September 21, 2017
The growing education and medical corridor in downtown will formally add a 107,000 square-foot building on Monday with a dedication of a $62.5 million Nursing and Science Building for Rutgers University-Camden.
The high-tech building sits across the street from Camden City Hall.
Within walking distance from the building, which opened in mid-August, are:
• Main campus of Rutgers University – Camden
• Cooper Medical School of Rowan University
• Cooper University Health Care
• Cooper – MD Anderson Cancer Center
• Coriell Institute for Medical Research
• Camden County College.
And on Oct. 19, the Rowan University / Rutgers – Camden Board of Governors will break ground on a new health sciences building adjacent to the medical school. Rutgers, Rowan and Camden Community College are all eventually expected to run programs out the building.
PHOTO GALLERY: Inside the new Nursing and Science facility at Rutgers – Camden
Nursing isn’t new to Rutgers – it began as a department in 1972 – but demand turned it into a full-fledged school in 2012, according to spokeswoman Barbara McAleese.
Nursing is growing with an aging population of patients, changes in how services are delivered and the push to have all registered nurses accredited with a bachelor’s degree, added McAleese.
Until the new building opened, the hands-on learning required of nurses was done in reconfigured old dormitories on the main campus, outfitted with outdated hand-me-down equipment.
Not so now.
More than 9,000 square feet of labs are outfitted with state-of-the-art equipment to help nurses learn the people skills and interactions need to assure their own safety and their patients in a realistic setting, explained professor Jennifer Sipe, who formerly taught at La Salle University in Olney.
She said the patient beds in the clinical competency lab weigh patients and are designed to mitigate against bedsores.

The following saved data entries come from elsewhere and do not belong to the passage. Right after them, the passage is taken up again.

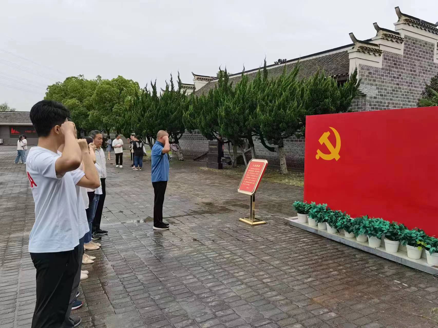 在渡江戰(zhàn)役總前委參謀處舊址廣場(chǎng)上,全體黨員重溫了入黨誓詞,面向鮮紅的中國(guó)共產(chǎn)黨黨旗,支部書記領(lǐng)誓,其他同志高舉右拳,鄭重宣誓,誓言聲鏗鏘有力,句句入心。
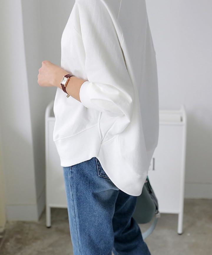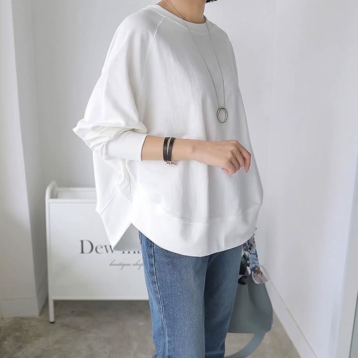 レディース トップス スウェット トレーナー ドルマン スリーブ カジュアル 長袖 さらっと ゆったり おしゃれ とっぷす すうぇっと とれーなー ドロップ ショルダー カット ソー クルー ネック プルオーバー ロング
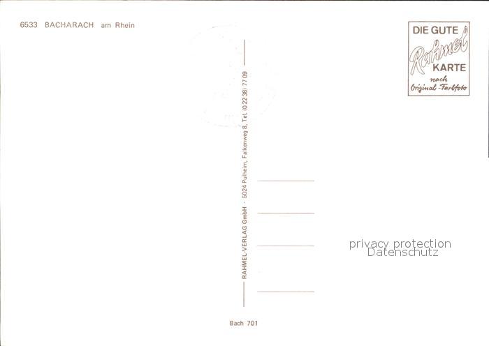 72482648 Bacharach Rhein Ortsansicht Schloss Fahrgastschiff postalisch nicht gelaufen Erhaltung siehe scans KatCode: 11110007339003
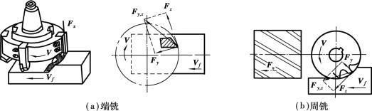 銑削過程中的總切削力F分解為3個相互垂直的分力,即切向力F z、徑向力F y和軸向力F x,如圖5.2.61所示。F z是作用在銑刀外圓切線方向的分力,可用來大致計算消耗在銑削過程中的功率;F x是作用在銑床主軸上的軸向力,可用來估算主軸軸向受力大小;Fy是作用在主軸上的徑向力。F y與F z的合力F y,z作用在銑刀刀軸上,使刀軸產生彎曲變形,影響加工精度。

On another floor of the building, professor Robert Scoloveno oversees simulation labs, where various scenarios can be staged for students. They include video facilities and observation rooms with one-way glass so students can watch and learn as they practice care on dummy patients.

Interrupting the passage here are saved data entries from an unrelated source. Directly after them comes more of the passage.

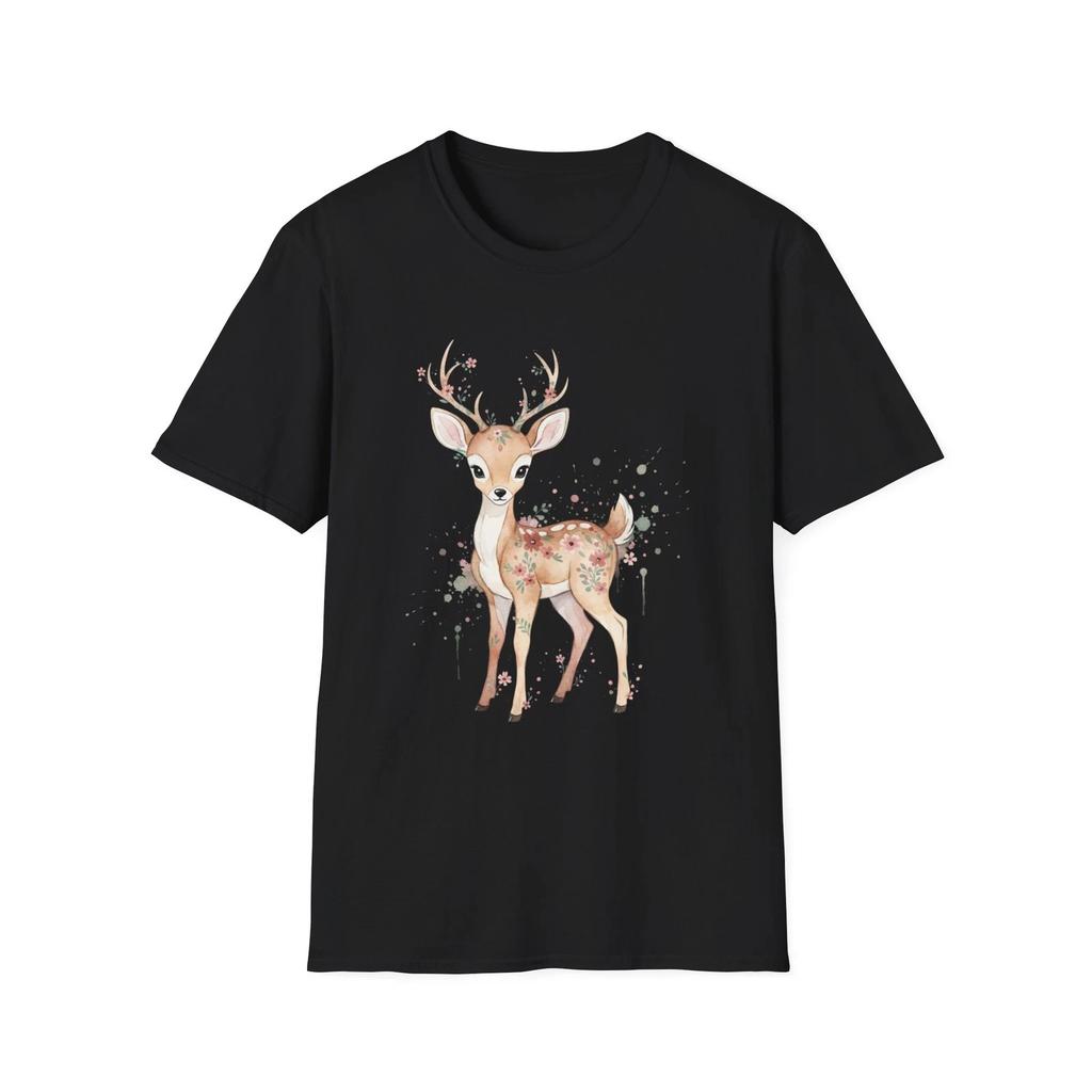 Deer Floral Watercolor Boho Black Tee Nature Aesthetic T-Shirt
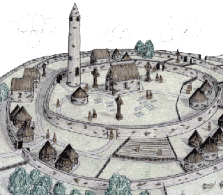 As in this artist's impression, the original monastery at Swords was built of small thatched houses made of wattle and daub, which was woven wood plastered with mud, with a larger one serving as the monks' chapel.
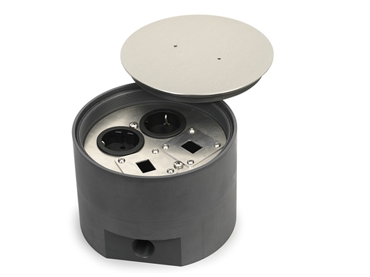 voldoen aan de hoogste eisen voor binnengebruik. De vloerdoos is uitermate geschikt voor gebruik in openbare ruimtes. Dankzij het compacte ontwerp met de hoogwaardige deksel in RVS, op wens ook in andere metalen verkrijgbaar, gaat de vloerdoos opvallend onopvallend op in ieder interieur.
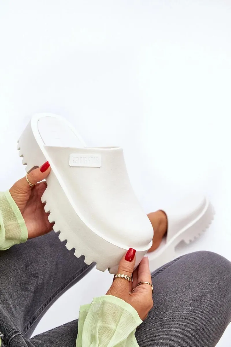 Modne klapki damskie od marki Big Star. Wykonane są z lekkiego materiału, co gwarantuje komfort podczas chodzenia, nawet przez dłuższy czas. Ich wszechstronność sprawia, że są idealnym wyborem nie tylko na plażę czy basen, ale także do noszenia w pracy. Przy wyborze rozmiaru prosimy sugerować się tabelą rozmiarów.
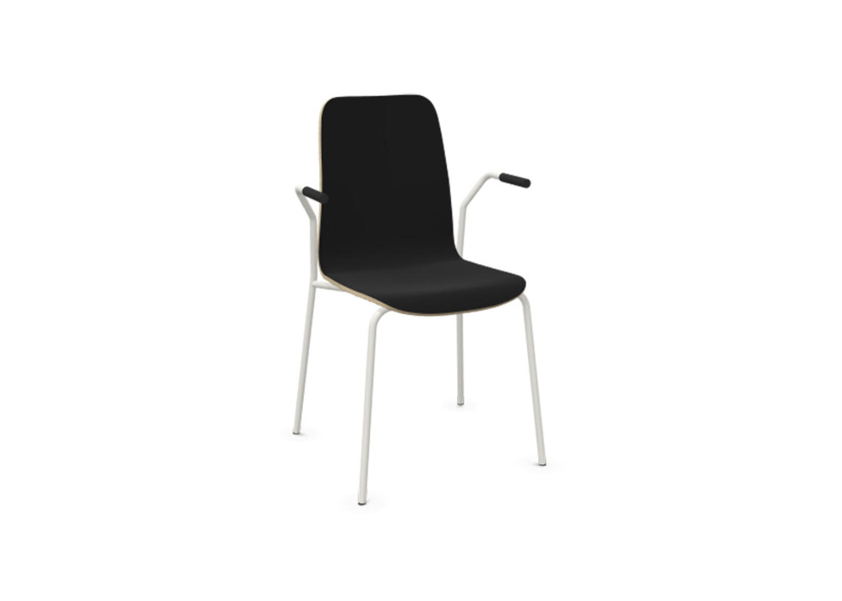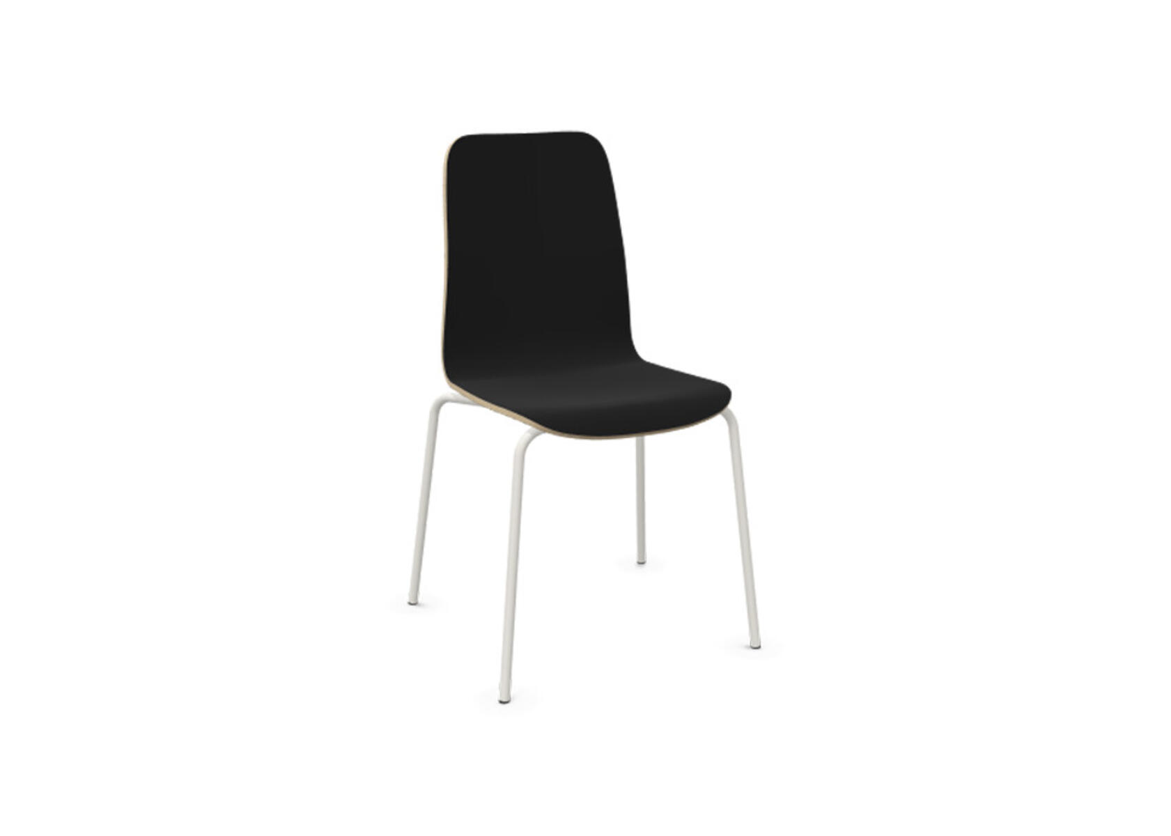 Sittskal i formpressad plywood klädd med kallskum, vilket ger både komfort och stöd. Stabilt pulverlackat stativ av ø 18 mm rör med möbeltassar för att skydda golvet. Armstöd finns som tillval. För ännu större flexibilitet finns kopplingsbeslag samt radkopplingsbeslag (säljs separat) som gör det enkelt att skapa rader eller gruppsittningar. Maxvikt 110 kg. Stolen är stapelbar upp till 6 enheter.

Scoloveno said students learn by discovering the critical errors they make by “killing a dummy,” errors they will outgrow by the time they graduate 18 months later.

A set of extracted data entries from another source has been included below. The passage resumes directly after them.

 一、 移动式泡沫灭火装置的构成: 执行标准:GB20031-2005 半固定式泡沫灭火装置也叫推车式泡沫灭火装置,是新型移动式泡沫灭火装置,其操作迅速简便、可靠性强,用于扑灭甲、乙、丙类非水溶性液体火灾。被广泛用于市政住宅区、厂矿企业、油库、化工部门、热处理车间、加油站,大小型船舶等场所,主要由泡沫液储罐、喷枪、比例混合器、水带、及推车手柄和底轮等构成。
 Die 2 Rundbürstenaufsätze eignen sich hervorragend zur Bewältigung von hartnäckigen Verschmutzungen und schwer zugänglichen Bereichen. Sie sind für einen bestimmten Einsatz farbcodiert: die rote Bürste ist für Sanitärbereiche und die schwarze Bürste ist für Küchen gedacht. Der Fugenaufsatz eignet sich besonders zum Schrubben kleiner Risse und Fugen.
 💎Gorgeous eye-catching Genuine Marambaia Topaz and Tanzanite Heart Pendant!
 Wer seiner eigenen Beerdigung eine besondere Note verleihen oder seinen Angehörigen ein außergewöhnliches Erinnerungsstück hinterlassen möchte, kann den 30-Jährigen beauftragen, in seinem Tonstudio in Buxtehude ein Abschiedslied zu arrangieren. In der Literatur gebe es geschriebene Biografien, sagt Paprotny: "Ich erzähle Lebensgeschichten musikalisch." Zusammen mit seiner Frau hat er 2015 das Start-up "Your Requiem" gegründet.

He said the scenarios created in the sim labs make the students “more effective practitioners. It’s like painting with color.”
The building is also equipped with long-distance learning spaces, allowing Rutgers to link with campuses in New Brunswick and Newark.
Additionally, the science end of the building has biology and physics labs.
Because of its location in Camden, which has struggled with poverty and its attendant health problems, the nursing school stresses community-based health care, primary care for the homeless and the challenges of nutrition and obesity, said McAleese.
The dedication ceremony is set for 11 a.m. Monday, followed by tours of the building.